Por isso, no post de hoje vamos informar como funciona a fiscalização e quais cuidados deve-se ter ao contratar uma empresa terceirizada. 

A respeito do descumprimento de legislação, a lei nº 13 429 de 2017 diz o seguinte: Art. 19-A. O descumprimento do disposto nesta Lei sujeita a empresa infratora ao pagamento de multa (Incluído pela Lei nº 13.429, de 2017) 

Parágrafo único. A fiscalização, a autuação e o processo de imposição das multas reger-se-ão pelo Título VII da Consolidação das Leis do Trabalho (CLT), aprovada pelo Decreto-Lei nº 5.452, de 1o de maio de 1943

Vamos entender o que isso significa na prática. 

Conforme o parágrafo único do Artigo 19-A da lei 13 429 de 2017, a fiscalização do trabalho dos terceirizados ocorre da mesma forma que na CLT. O que ocorre na vida real é que um fiscal devidamente identificado pode aparecer nas dependências de uma empresa e verificar se há alguma irregularidade, que poderá ser via denuncia ou decorrente de um acidente/incidente de trabalho.  

Os acidentes ou incidentes de trabalhos trazem à tona se todos os requisitos legais da contratação foram atendidos. Mesmo para incidentes leves já são feitas fiscalizações, porém quando ocorre algo grave já envolve o MTE, podendo até ter envolvimento da Polícia Civil. Nessa fiscalização, ou investigação, são apurados os fatos e as possíveis responsabilidades que a empresa contratante pode ter. 

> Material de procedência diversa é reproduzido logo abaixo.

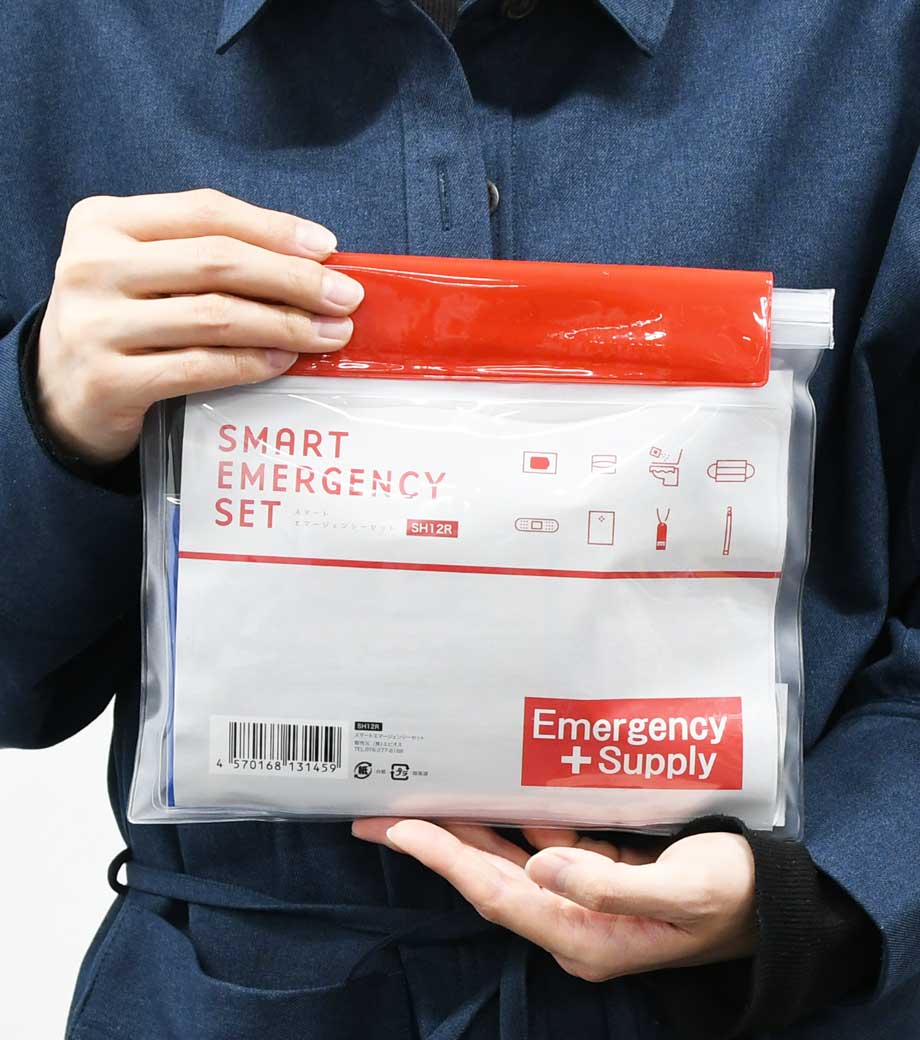 今や必需品となったマスクや水だけで簡単に戻せる圧縮タオル、寒さを凌げるアルミブランケットなどが入っていて緊急時も安心。ポーチの片面が透明なので、パッと見てすぐに中身を取り出せます。企業名などを印刷して、防災イベントのノベルティにおすすめです。
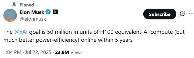 22일(현지시간) 연합뉴스에 따르면 머스크는 이날 엑스(X·옛 트위터)에 "xAI의 목표는 5년 안에 H100급에 해당하는 AI 연산 유닛 5천만 개 규모를 온라인으로 가동하는 것"이라며 "하지만 전력 효율은 훨씬 더 나을 것"이라고 썼다.
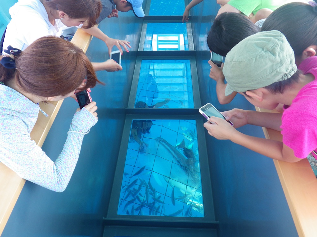 □透過船底設計的透明玻璃欣賞海底世界,還有精彩的鯨鯊餵食秀!

Durante essas fiscalizações é averiguado o local de trabalho do funcionário e sua documentação. A partir disso o fiscal irá averiguar se o funcionário está exercendo apenas a função descrita no contrato, se ele está apto a realizar os serviços (com os documentos necessários, pagamentos em dia, etc) e se o ambiente está de acordo para a realização de sua função. Atestando qualquer possível infração, a empresa tem até 10 dias para apresentar defesa. 

Comprovando a irregularidade em alguma das questões acima pode haver aplicação de multas e processos. Em relação a encargos trabalhistas do funcionário a responsabilidade da empresa contratante é subsidiária, ou seja, só sofrerá com multas caso a empresa terceirizada não consiga arcar com o processo. Porém, a empresa contratante é responsável por garantir que o funcionário exerça apenas a função descrita no contrato. 

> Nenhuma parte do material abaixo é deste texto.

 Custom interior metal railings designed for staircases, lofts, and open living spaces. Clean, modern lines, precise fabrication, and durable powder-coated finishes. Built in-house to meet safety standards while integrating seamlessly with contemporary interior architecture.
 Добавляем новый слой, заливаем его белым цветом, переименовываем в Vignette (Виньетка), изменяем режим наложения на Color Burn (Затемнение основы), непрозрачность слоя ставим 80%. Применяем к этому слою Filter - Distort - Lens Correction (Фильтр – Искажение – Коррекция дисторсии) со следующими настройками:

Caso o processo tenha como início um acidente ou incidente de trabalho toda essa questão piora. Como agravantes temos a possível falta de cuidado na contratação, falta de fiscalização e negligência. Se algo for comprovado, pouco resta para fins de defesa, visto que houve culpa no “in vigilando” que é o ato de vigiar o que foi contratado x o que deveria ser realizado. 

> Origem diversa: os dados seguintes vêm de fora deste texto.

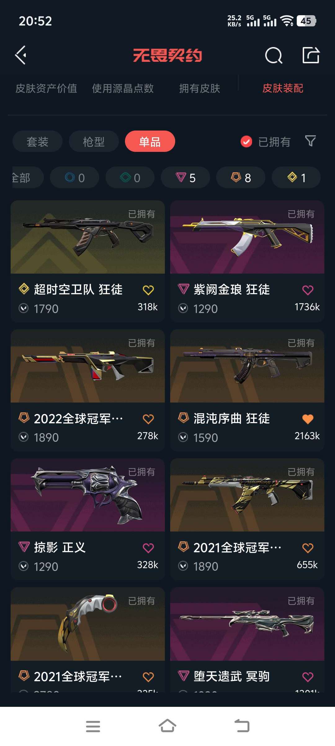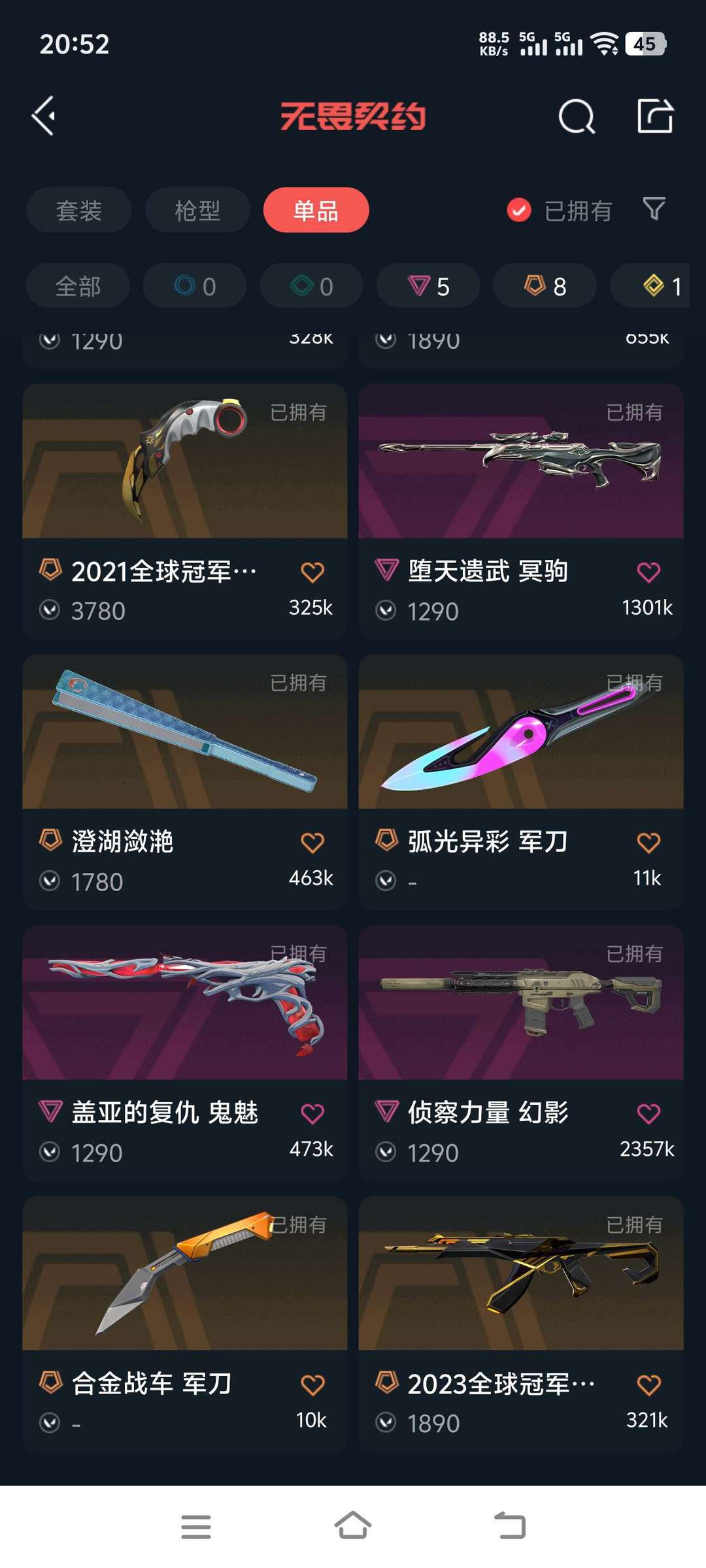 21 23冠军狂徒,紫金狂徒,超时空狂徒。22冠军幻影,侦查幻影。

Ocorrendo ou não os agravantes que envolvem incidentes de trabalho, é extremamente danoso para uma empresa qualquer irregularidade. As multas, sanções e processos impactam diretamente o financeiro e jurídico, mas, além disso, há impactos na imagem da empresa. Ninguém quer estar envolvido com problemas trabalhistas, mas da mesma forma, as possíveis multas e implicações legais da contratação de terceiros não devem amedrontar as empresas que desejam utilizar serviços terceirizados.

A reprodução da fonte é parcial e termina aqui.